* **Exercise materials**

-*-*-

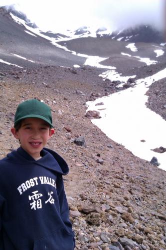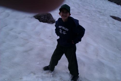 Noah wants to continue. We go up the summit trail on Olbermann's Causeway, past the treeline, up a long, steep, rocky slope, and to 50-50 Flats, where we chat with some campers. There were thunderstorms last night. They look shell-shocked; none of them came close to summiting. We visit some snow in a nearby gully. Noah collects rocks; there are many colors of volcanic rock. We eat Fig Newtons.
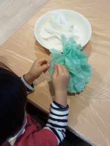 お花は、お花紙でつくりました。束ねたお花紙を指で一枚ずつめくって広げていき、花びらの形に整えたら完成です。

-*-*-

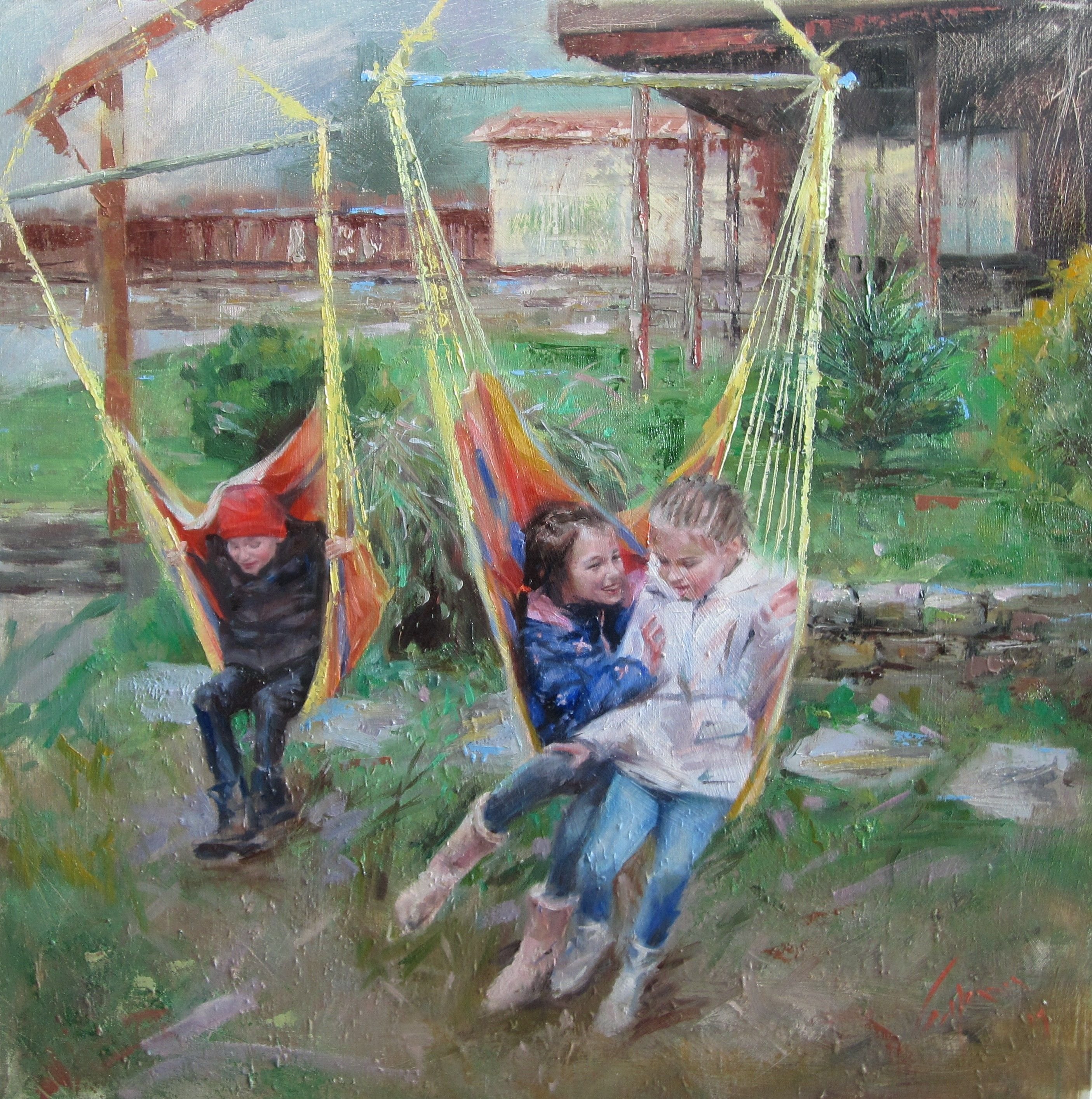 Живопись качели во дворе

-*-*-

Of the lines above, copy only those from the one holding "Noah wants to" to the one holding "お花は、お花紙でつくりました", both included, and exclude every image.

 Noah wants to continue. We go up the summit trail on Olbermann's Causeway, past the treeline, up a long, steep, rocky slope, and to 50-50 Flats, where we chat with some campers. There were thunderstorms last night. They look shell-shocked; none of them came close to summiting. We visit some snow in a nearby gully. Noah collects rocks; there are many colors of volcanic rock. We eat Fig Newtons.
 お花は、お花紙でつくりました。束ねたお花紙を指で一枚ずつめくって広げていき、花びらの形に整えたら完成です。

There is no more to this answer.